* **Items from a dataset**
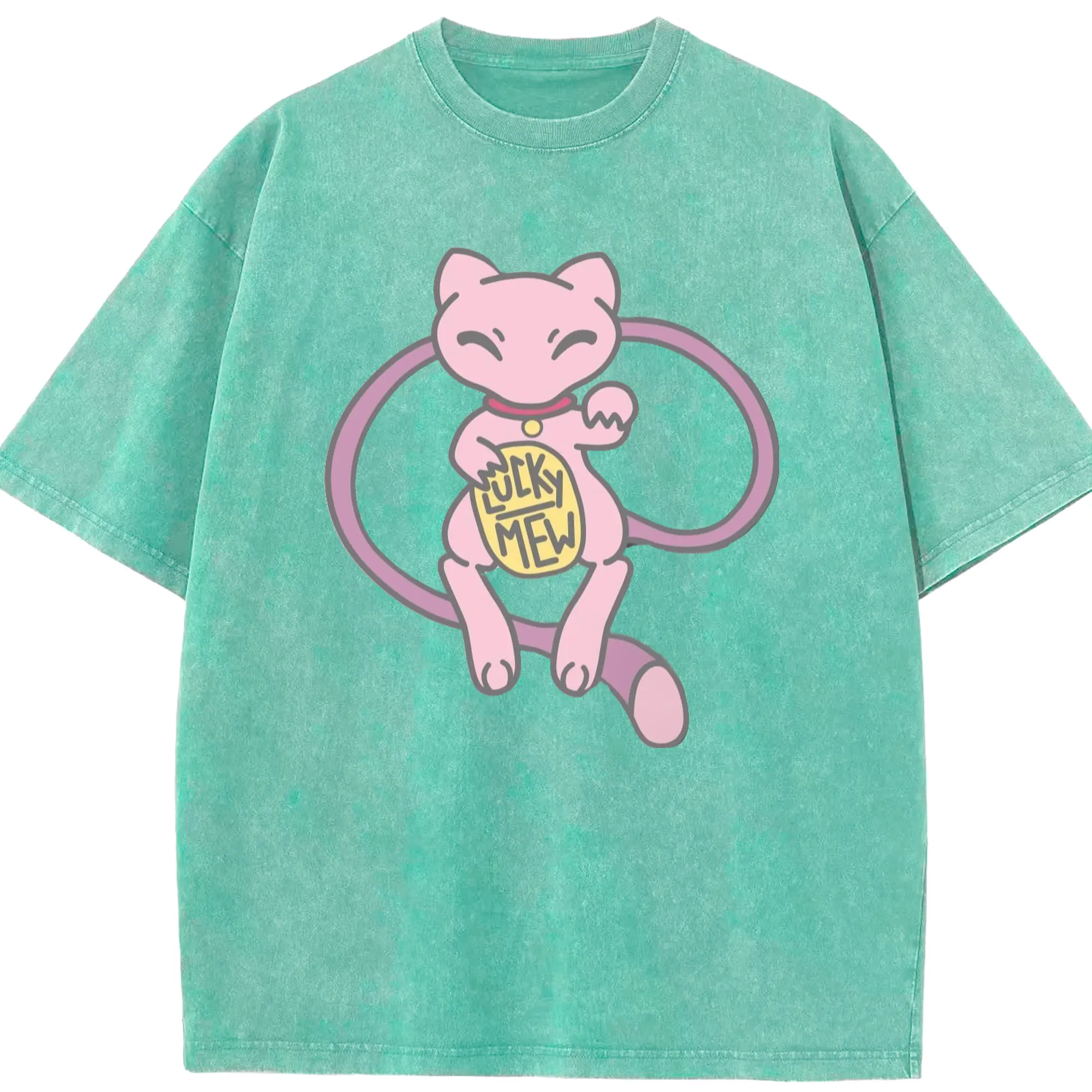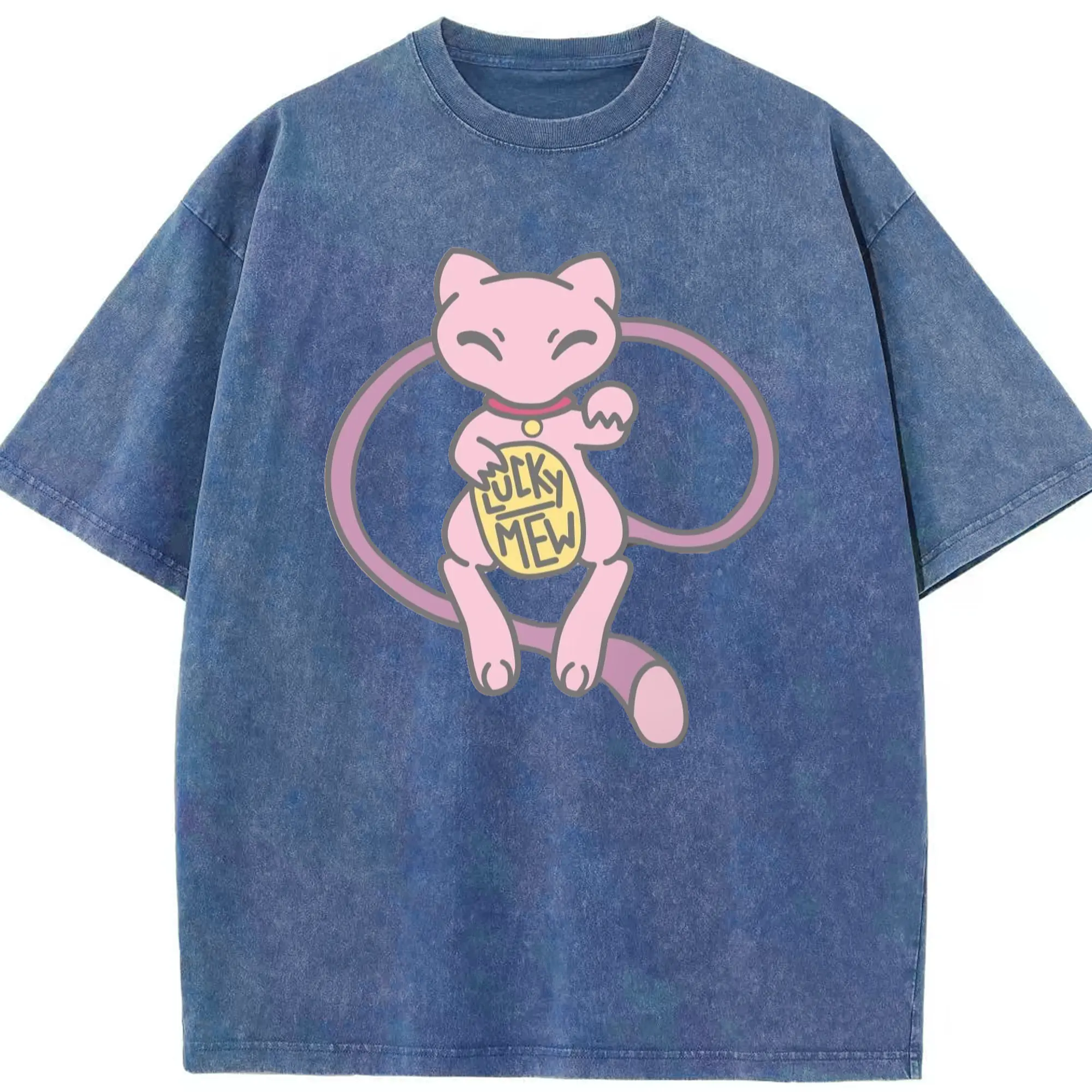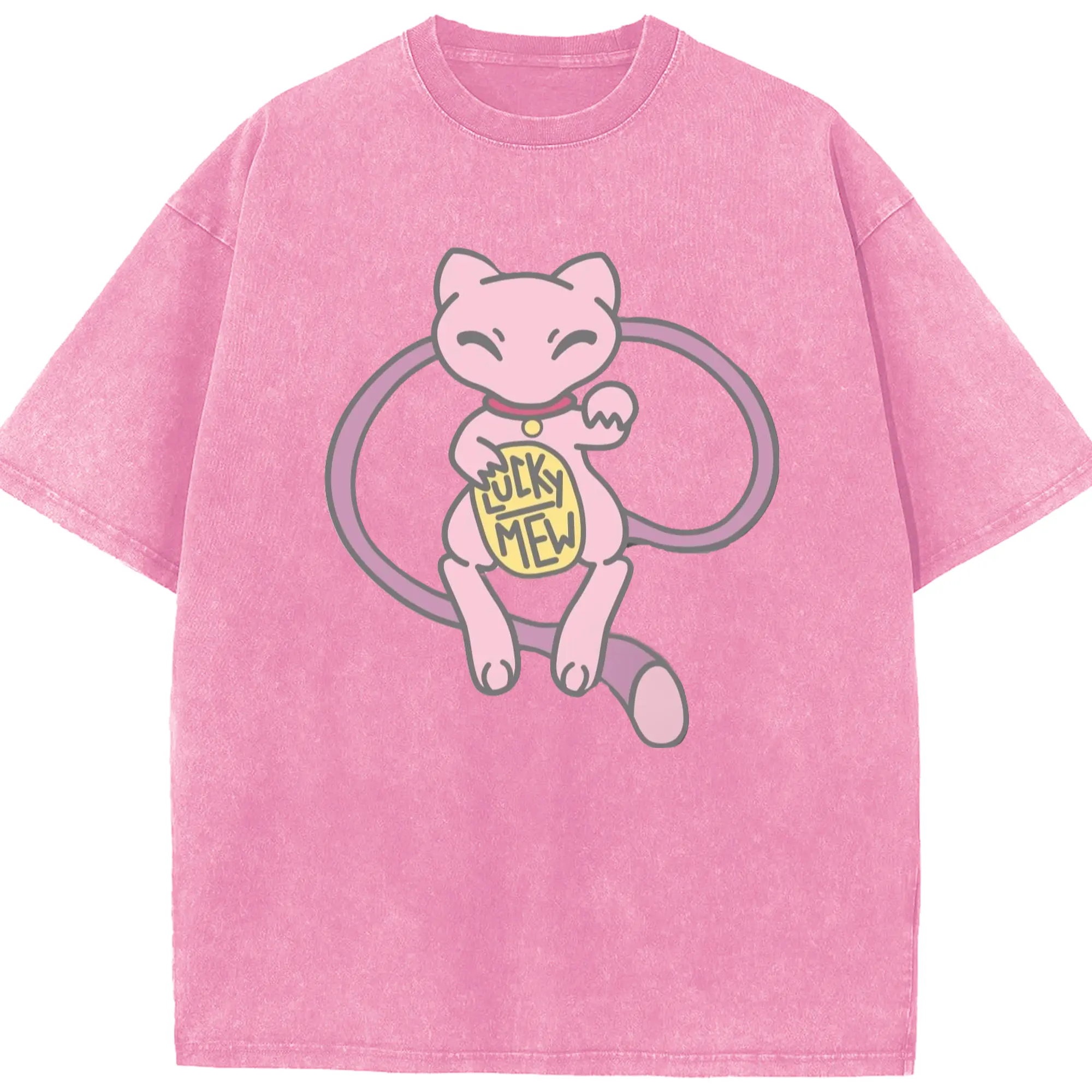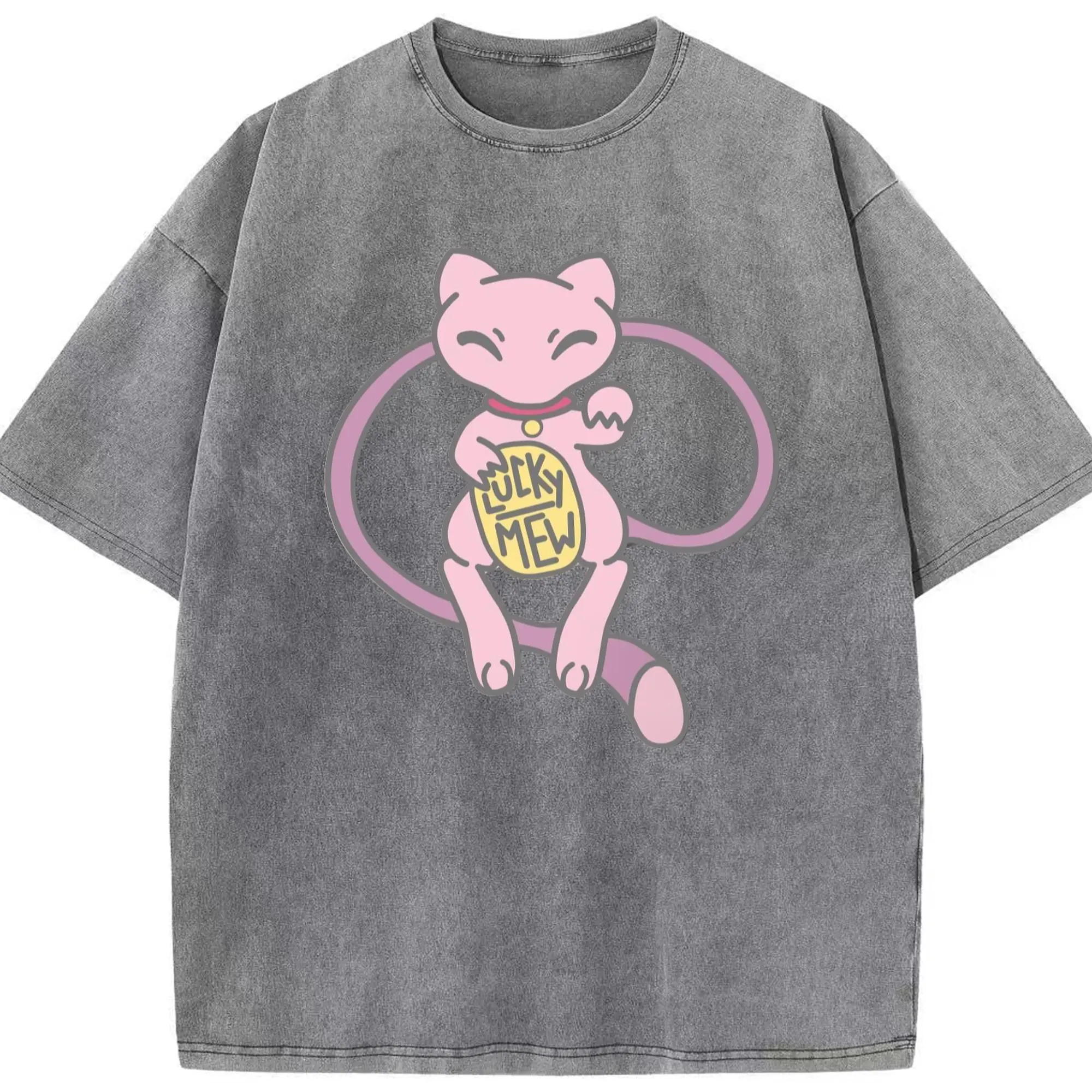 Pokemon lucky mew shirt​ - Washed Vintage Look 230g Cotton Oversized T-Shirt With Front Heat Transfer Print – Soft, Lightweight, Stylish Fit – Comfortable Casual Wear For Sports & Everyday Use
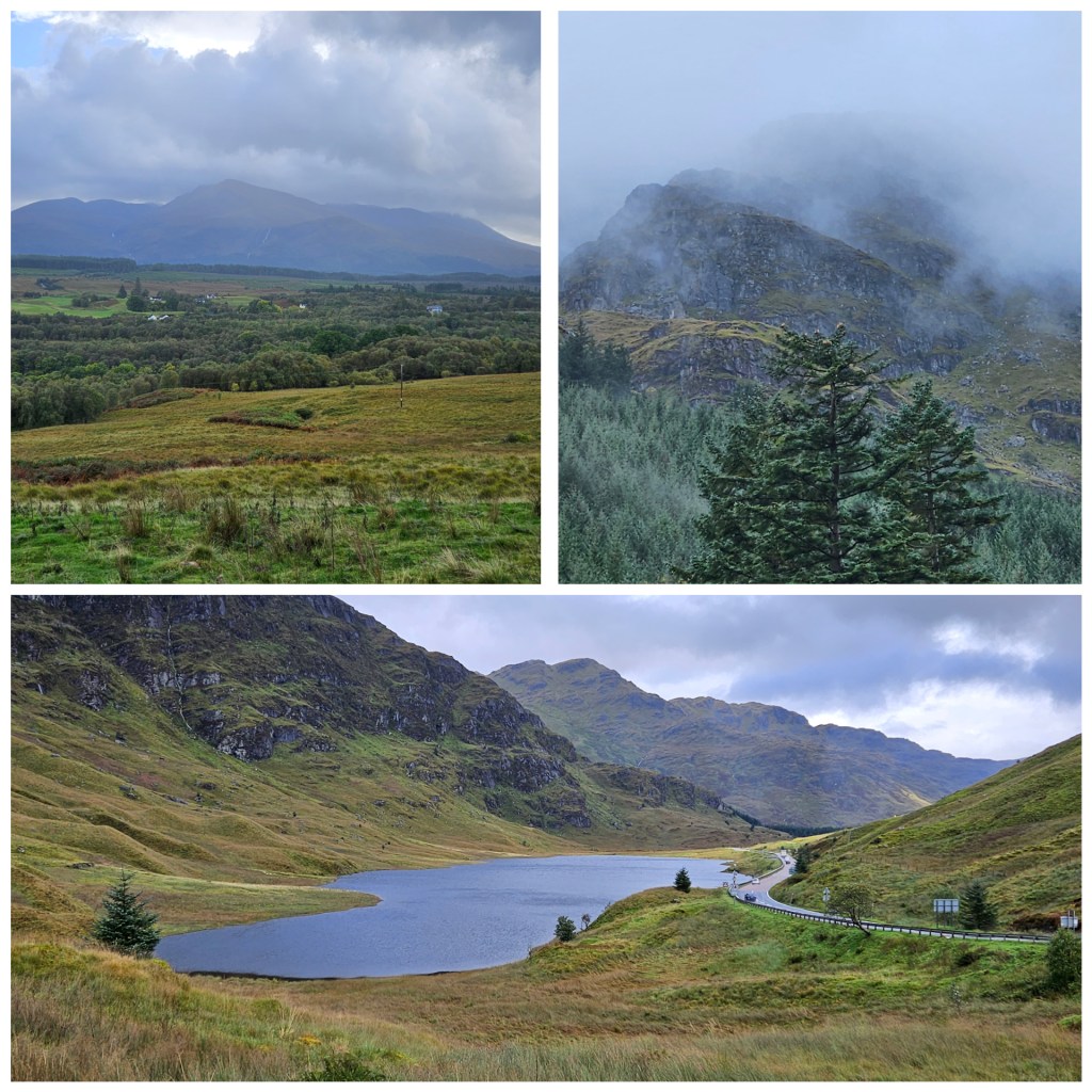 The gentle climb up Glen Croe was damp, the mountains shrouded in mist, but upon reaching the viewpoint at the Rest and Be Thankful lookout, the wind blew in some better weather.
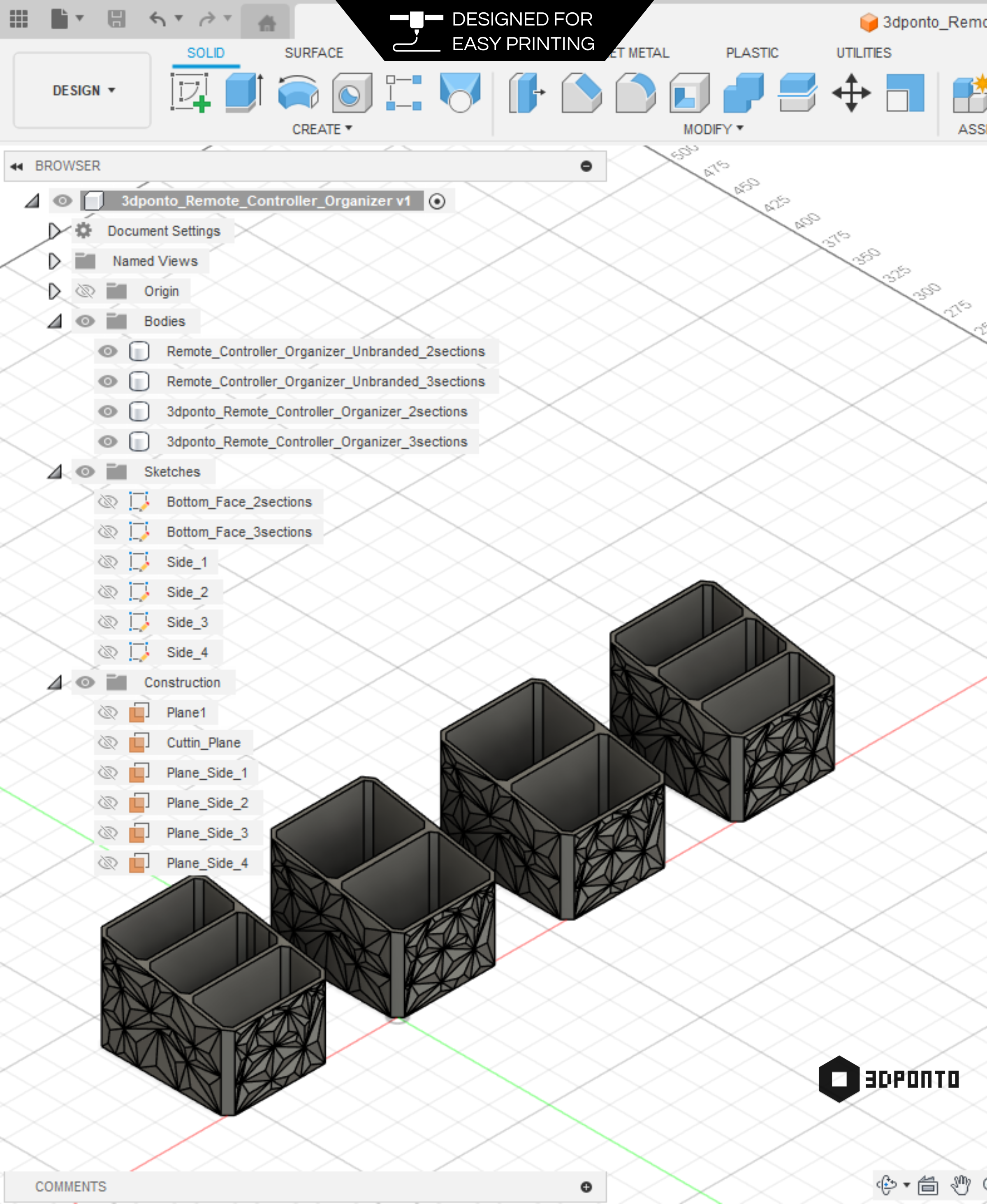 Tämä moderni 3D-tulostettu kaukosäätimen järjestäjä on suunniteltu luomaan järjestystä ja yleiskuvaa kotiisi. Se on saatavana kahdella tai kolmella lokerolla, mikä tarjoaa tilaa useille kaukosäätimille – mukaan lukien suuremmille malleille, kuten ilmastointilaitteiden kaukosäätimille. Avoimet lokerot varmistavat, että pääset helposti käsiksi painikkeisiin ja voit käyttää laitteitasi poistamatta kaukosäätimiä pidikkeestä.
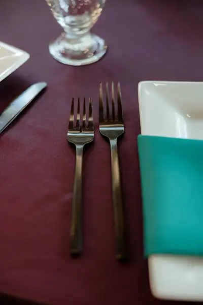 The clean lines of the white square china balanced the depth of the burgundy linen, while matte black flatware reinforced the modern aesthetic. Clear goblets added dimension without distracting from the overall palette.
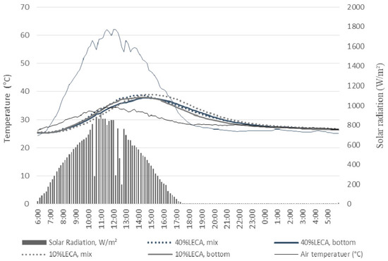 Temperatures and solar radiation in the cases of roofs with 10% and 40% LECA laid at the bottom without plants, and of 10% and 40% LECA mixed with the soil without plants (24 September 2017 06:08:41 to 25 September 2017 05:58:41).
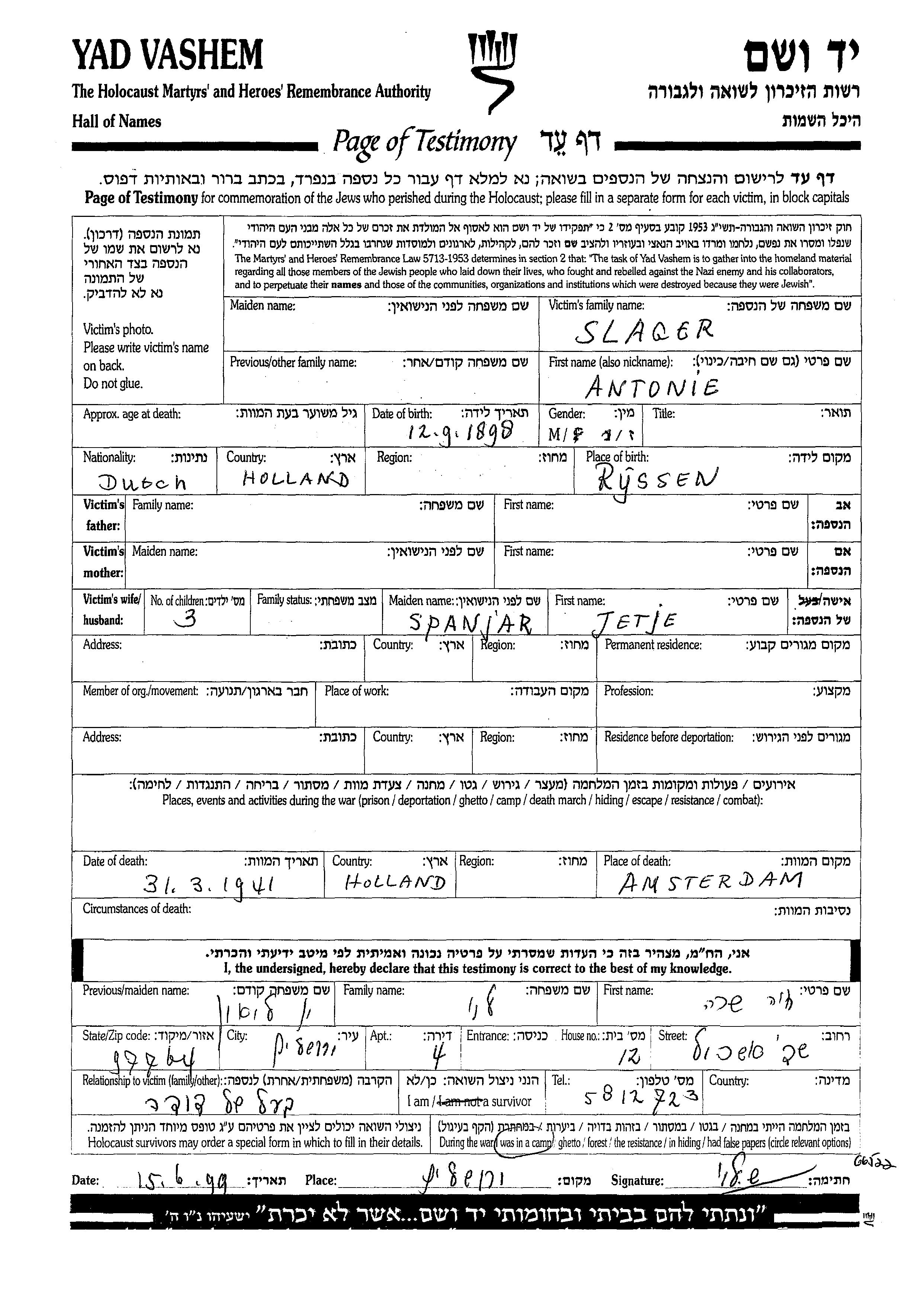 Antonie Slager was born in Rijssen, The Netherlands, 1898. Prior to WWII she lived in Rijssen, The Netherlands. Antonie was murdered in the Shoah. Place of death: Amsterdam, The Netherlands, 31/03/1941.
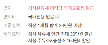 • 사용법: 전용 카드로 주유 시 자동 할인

* **ACTIVITY**
Output the records exactly, and let none of their pictures appear in the copy.

* **WRITTEN RESPONSE**
 Pokemon lucky mew shirt​ - Washed Vintage Look 230g Cotton Oversized T-Shirt With Front Heat Transfer Print – Soft, Lightweight, Stylish Fit – Comfortable Casual Wear For Sports & Everyday Use
 The gentle climb up Glen Croe was damp, the mountains shrouded in mist, but upon reaching the viewpoint at the Rest and Be Thankful lookout, the wind blew in some better weather.
 Tämä moderni 3D-tulostettu kaukosäätimen järjestäjä on suunniteltu luomaan järjestystä ja yleiskuvaa kotiisi. Se on saatavana kahdella tai kolmella lokerolla, mikä tarjoaa tilaa useille kaukosäätimille – mukaan lukien suuremmille malleille, kuten ilmastointilaitteiden kaukosäätimille. Avoimet lokerot varmistavat, että pääset helposti käsiksi painikkeisiin ja voit käyttää laitteitasi poistamatta kaukosäätimiä pidikkeestä.
 The clean lines of the white square china balanced the depth of the burgundy linen, while matte black flatware reinforced the modern aesthetic. Clear goblets added dimension without distracting from the overall palette.
 Temperatures and solar radiation in the cases of roofs with 10% and 40% LECA laid at the bottom without plants, and of 10% and 40% LECA mixed with the soil without plants (24 September 2017 06:08:41 to 25 September 2017 05:58:41).
 Antonie Slager was born in Rijssen, The Netherlands, 1898. Prior to WWII she lived in Rijssen, The Netherlands. Antonie was murdered in the Shoah. Place of death: Amsterdam, The Netherlands, 31/03/1941.
 • 사용법: 전용 카드로 주유 시 자동 할인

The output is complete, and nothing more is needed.